Este projeto está voltado para melhorar a renda e a qualidade de vida das pessoas da minha comunidade indígena Ikolen. O nosso público alvo seriam as pessoas que tem interesse e que querem comprar alimentos de boa qualidade e orgânicos. A meta é adquirir mudas de açaí, cacau, pupunha, castanheiras para darmos início ao plantio destas espécies.

Estamos em busca de parceria e recursos para realizar esse projeto.

Minha história

Meu nome é Milton Ting Teroi Arara e nasci numa aldeia chamada Maloca Grande e Tenho 34 anos. Atualmente moro numa aldeia chamada Ikolen. Sou estudante de Pedagogia e estou no 9° período.

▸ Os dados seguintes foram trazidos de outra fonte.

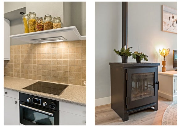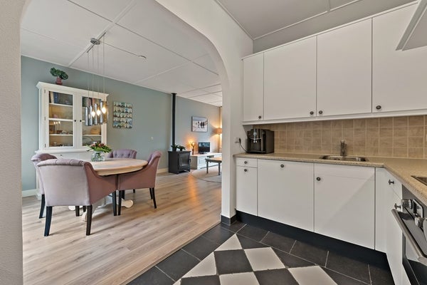 • Open keuken (ca. 6 m²) met leuke tegelvloer, moderne L-vormige opstelling met 4 pits keramische kookplaat met wasemkap, oven, spoelbak met mengkraan, vaatwasser en koel-vrieskast.

Estar na faculdade é um dos sonhos que alcancei com muito esforço meu e apoio dos meus familiares. Não possuo trabalho formal mas trabalho na agricultura familiar junto com minha família e trabalho na colheita de castanha do Brasil. Meu sonho é terminar minha graduação e fazer mestrado e doutorado, para que eu possa ajudar meu povo. 

 

Minha comunidade é do povo Gavião/Ikolen e está localizada na terra indígena Igarapé Lourdes, município de Ji-Paraná, Estado de Rondônia. As tradições do meu povo são a caça, o cardápio de alimentos tradicionais, músicas, língua, danças, mitos, histórias, crenças e confecção de artes. Para preservar nossas tradições, conversamos em nossa língua, ensinamos nossas músicas e danças aos jovens e contamos mitos e histórias. Está ficando difícil conservar nossa cultura, já que temos enfrentado problemas na venda de nossos produtos tradicionais. Trabalhamos muito, mas temos dificuldade na venda de nossos produtos agrícolas. O mesmo acontece com as artesãs, que produzem muitos artesanatos, mas não há venda.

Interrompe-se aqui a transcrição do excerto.